------ TASK DATA

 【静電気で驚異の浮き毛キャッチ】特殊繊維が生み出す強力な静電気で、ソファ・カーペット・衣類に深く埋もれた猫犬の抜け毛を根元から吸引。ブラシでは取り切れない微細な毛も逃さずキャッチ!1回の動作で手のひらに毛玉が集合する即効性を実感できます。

------------
------ TASK DATA

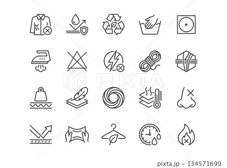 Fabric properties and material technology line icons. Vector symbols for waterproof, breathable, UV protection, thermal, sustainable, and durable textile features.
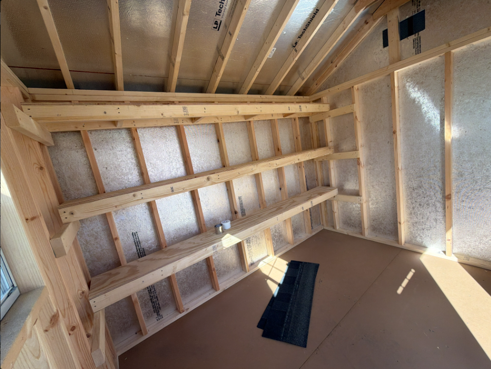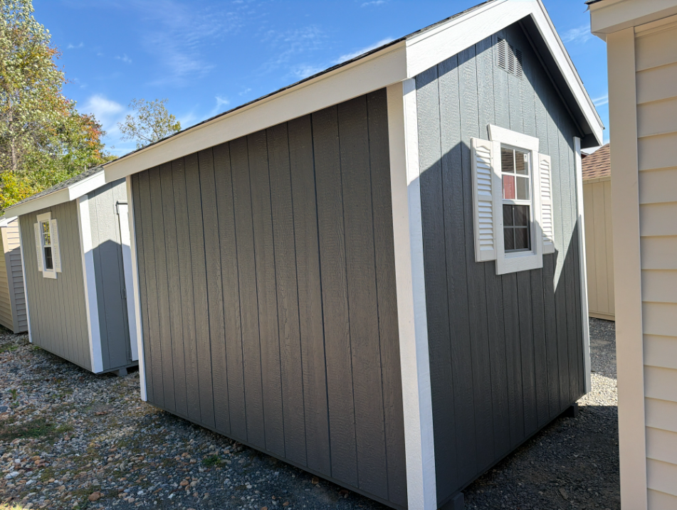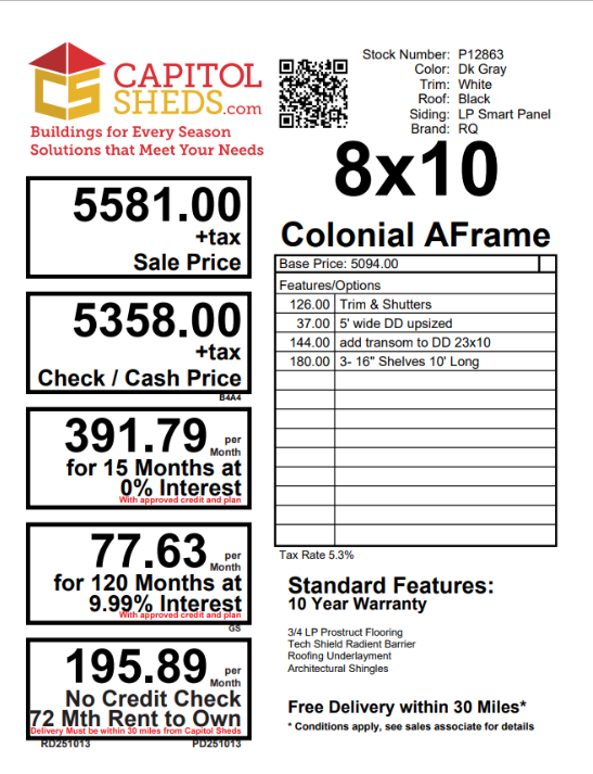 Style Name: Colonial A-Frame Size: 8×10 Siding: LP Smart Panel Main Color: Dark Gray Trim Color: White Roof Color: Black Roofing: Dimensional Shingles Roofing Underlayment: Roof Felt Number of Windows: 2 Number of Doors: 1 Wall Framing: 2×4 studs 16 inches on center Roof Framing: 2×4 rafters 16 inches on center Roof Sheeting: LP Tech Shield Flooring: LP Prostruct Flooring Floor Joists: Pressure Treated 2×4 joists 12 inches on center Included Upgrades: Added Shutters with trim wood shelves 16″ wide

------------

■ **PROBLEM**
Return exactly the lines that appear in the data above between the line containing "Fabric properties and" and the line containing "Style Name: Colonial", both of which are included, and leave the pictures out.

■ **SOLUTION TO THIS PROBLEM**
 Fabric properties and material technology line icons. Vector symbols for waterproof, breathable, UV protection, thermal, sustainable, and durable textile features.
 Style Name: Colonial A-Frame Size: 8×10 Siding: LP Smart Panel Main Color: Dark Gray Trim Color: White Roof Color: Black Roofing: Dimensional Shingles Roofing Underlayment: Roof Felt Number of Windows: 2 Number of Doors: 1 Wall Framing: 2×4 studs 16 inches on center Roof Framing: 2×4 rafters 16 inches on center Roof Sheeting: LP Tech Shield Flooring: LP Prostruct Flooring Floor Joists: Pressure Treated 2×4 joists 12 inches on center Included Upgrades: Added Shutters with trim wood shelves 16″ wide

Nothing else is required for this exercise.